One hundred-sixty-one cases of children operated on for craniostenosis in the first year of life at the Neurosurgical Department of the Catholic University of Rome in the period 1982-1986 are presented. The average age at diagnosis was 6 months and at operation 7.4 months. The patients considered in the present study were subdivided into two groups according to the prevalent involvement of sagittal suture or of the anterior sutural group (coronal metopic, spheno-frontal and spheno-palatine sutures). In fact, these two groups differ considerably not only in the characteristics of the pathological process of early fusion of the cranial sutures, but also in the technique required for surgical correction. Four children with premature fusion of all cranial sutures are considered separately. Congenital malformations of the bone structures or changes in ocular motility were presented in 7.9% of 63 patients with sagittal craniostenosis and in 14.7% of the group with premature fusion of the anterior cranial sutures.
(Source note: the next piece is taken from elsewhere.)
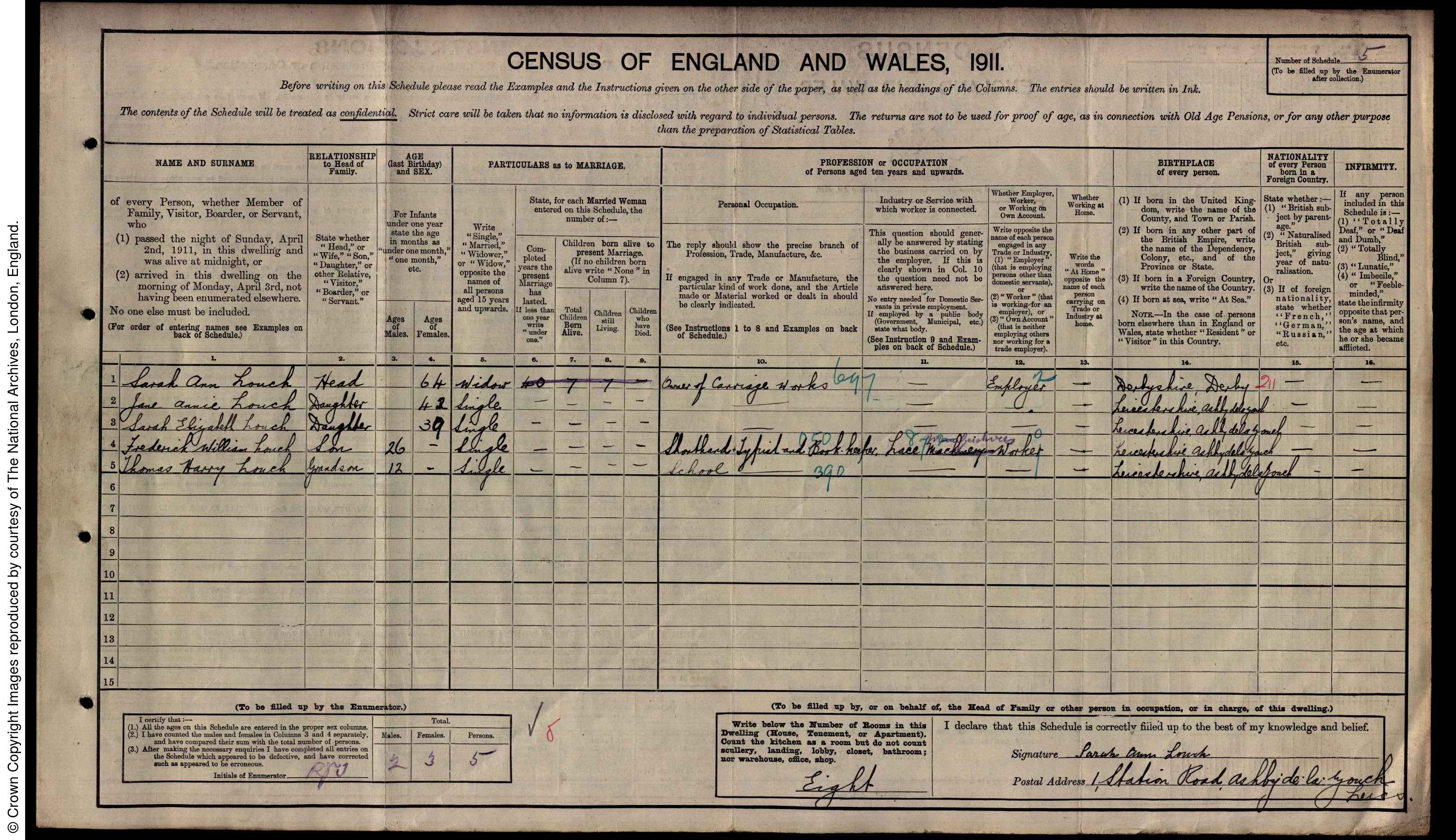 | 1 | 5 | Sarah Ann | Louch | Head | 1847 | Derby | 64 | Female | Widow | 40 | 7 | 7 | Owner Carriage Works | | | | | | 2 | 5 | Jane Annie | Louch | Daughter | 1869 | Ashby-de-la-Zouch | 42 | Female | Single | | | | | | | | | | 3 | 5 | Sarah Elizabeth | Louch | Daughter | 1872 | Ashby-de-la-Zouch | 39 | Female | Single | | | | | | | | | | 4 | 5 | Frederick William | Louch | Son | 1885 | Ashby-de-la-Zouch | 26 | Male | Single | | | | Shorthand Typist and Book Keeper | | | | | | 5 | 5 | Thomas Harry | Louch | Grandson | 1899 | Ashby-de-la-Zouch | 12 | Male | Single | | | | School | | | | |

Surgical correction (linear craniectomies extended to the cranial base for the group with sagittal craniostenosis, craniectomies with advancement of the supraorbital margin and rotation of the bone operculum for the group with anterior craniostenosis) proved satisfactory in the great majority of cases. Postoperative morbidity was particularly low. Apart from postsurgical anaemia which required blood transfusion on the third day in 15.5% of operated patients, the only complications were transitory hyperpyretic states observed in 6.2% of cases. Only one child died for reasons related to the surgical procedure. The low postoperative mortality (0.6% of cases) and the low percentage of bone pathology recurrence (7.4%) compared with the results of other series involving older children, seem to indicate that the early surgical correction of bone malformations does not bear additional risk for the patient, permitting at the same time normal functional development of the brain and a more gradual morphological remodelling of the skull.
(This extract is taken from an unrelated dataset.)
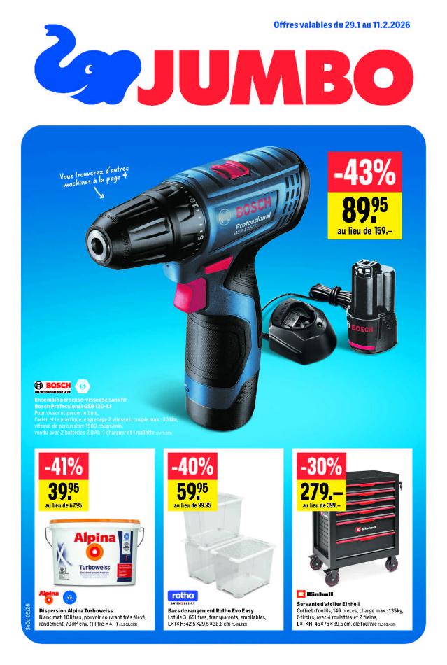 Vous trouverez ici toutes les ⚡ informations concernant les offres Jumbo en cours, assortiment ainsi que horaire d'ouverture. Voir folder des promotions valable de 29 janvier au 11 février, vérifier les heures d'ouverture et adresses du réseau des magasins Jumbo. Retrouvez les promotions et folders de Jumbo maintenant et créez votre sélection des produits. ⚡ Ne ratez aucune bonne affaire et préparez vos achats en ligne. Faites vos économies pendant toute l'année et restez informé des dernières offres et remises chez Jumbo.

本文介绍了1982年至1986年期间在罗马天主教大学神经外科接受手术治疗的161例1岁以内患有颅骨狭窄症的儿童病例。诊断时的平均年龄为6个月,手术时的平均年龄为7.4个月。根据矢状缝或前缝组(冠状缝、额缝、蝶额缝和蝶腭缝)的主要受累情况,将本研究中的患者分为两组。事实上,这两组不仅在颅骨缝早期融合的病理过程特征上有很大差异,而且在手术矫正所需的技术上也有很大差异。4例所有颅骨缝过早融合的儿童单独考虑。在63例矢状缝颅骨狭窄症患者中,7.9%出现骨结构先天性畸形或眼球运动改变;在前颅缝过早融合组中,这一比例为14.7%。手术矫正(矢状缝颅骨狭窄症组行延伸至颅底的线性颅骨切除术,前颅缝狭窄症组行眶上缘推进和骨瓣旋转的颅骨切除术)在大多数病例中被证明是令人满意的。术后发病率特别低。除了15.5%的手术患者在术后第三天因贫血需要输血外,唯一的并发症是6.2%的病例出现短暂的高热状态。只有一名儿童因与手术相关的原因死亡。与其他涉及年龄较大儿童的系列研究结果相比,术后低死亡率(0.6%)和低骨病理复发率(7.4%)似乎表明,早期手术矫正骨骼畸形对患者没有额外风险,同时允许大脑正常功能发育和颅骨更渐进的形态重塑。